Behind the scenes, Marten stored the shipment as a JSON document in a Postgres table. Thanks to Marten's use of PostgreSQL, this was an ACID transaction – if we had multiple documents or operations in the session, they'd all commit or rollback together. At this point, our shipment record might look like:
{
"Id": "3a1f...d45",
"Origin": "Rotterdam",
"Destination": "New York",
"Status": "Scheduled",
"ScheduledAt": "2025-03-21T08:30:00Z",
"PickedUpAt": null,
"DeliveredAt": null,
"CancelledAt": null
}
As the shipment goes through its lifecycle, we would update this document. For example, when the freight is picked up, we might do:
loaded.Status = ShipmentStatus.InTransit;
loaded.PickedUpAt = DateTime.UtcNow;
session.Store(loaded);
await session.SaveChangesAsync();
This will update the existing JSON document in place (Marten knows it's an update because the Id matches an existing document). Similarly, upon delivery, we'd set Status = Delivered
and set DeliveredAt
. This state-oriented approach is simple and works well for many cases – we always have the latest status easily available by loading the document.
However, one drawback of the document-only approach is that we lose the historical changes. Each update overwrites the previous state. If we later want to know when a shipment was picked up or delivered, we have those timestamps, but what if we need more detail or want an audit trail? We might log or archive old versions, but that gets complex. This is where event sourcing comes in. Instead of just storing the final state, we capture each state change as an event. Let's see how Marten allows us to evolve our design to an event-sourced model without abandoning the benefits of the document store.
INFO
You can download the source code zip file freight-shipping-tutorial.zip from this link.

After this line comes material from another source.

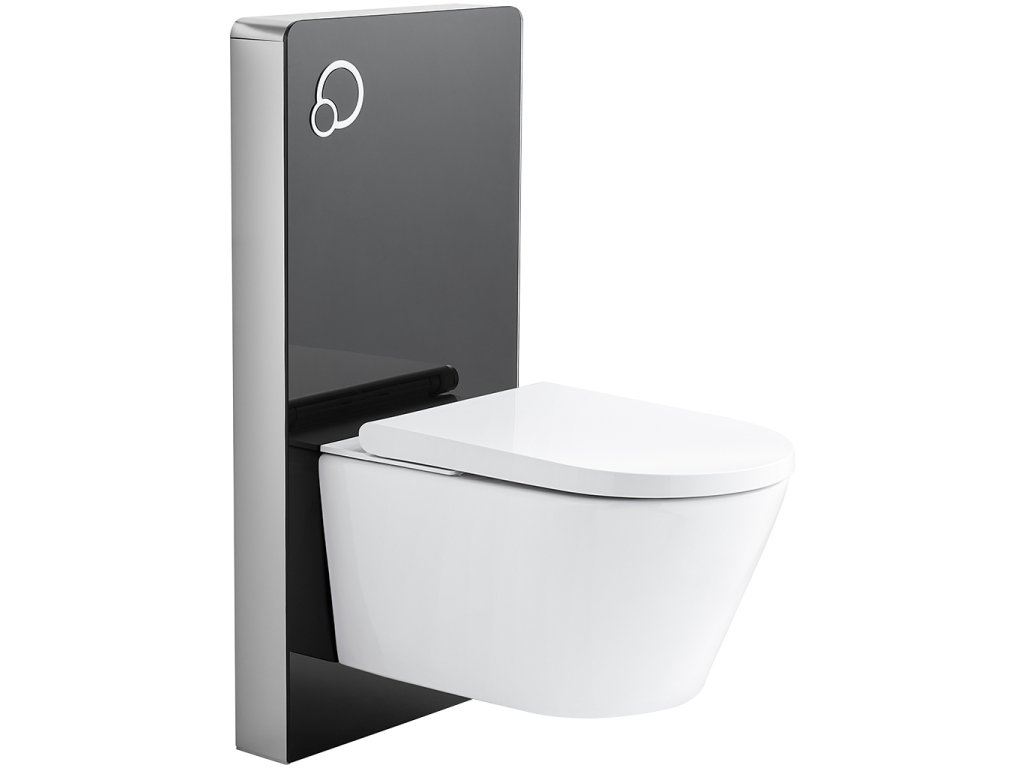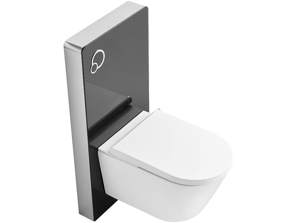 Modul vám uľahčí inštaláciu závesnej toalety. Inštalácia hotového modulu je jednoduchá a rýchla. Rám je vyrobený z hliníka a predný panel je vyrobený z 8 mm hrubého tvrdeného skla (ESG). Vstavaná nádržka s tlačidlami pre veľké a malé spláchnutie (z výroby nastavte 3/6 l - množstvo vody je možné nastaviť medzi 2,4 a 3,5 litrami / 4,8 a 7,4) má odolnú izoláciu proti kondenzácii. Splachovanie sa ľahko aktivuje tlačidlami na paneli. Povrch sanitárneho modulu je neporézny, ľahko sa čistí a je dokonale hygienický.

- Ensure you have .NET 9.0 installed in your machine.
- Unzip the downloaded zip file and run the project using
dotnet run
, it will show you the list of commands for each tutorial page. - You can set up the Postgres database as outlined in the
docker-compose.yml
file. Or run your own Postgres instance and update the connection string accordingly inappsettings.json
file - As an example, run
dotnet run -- getting-started
which executes the sample code in Getting Started page. Similarly the other list of commands will correspond to the respective tutorial pages accordingly.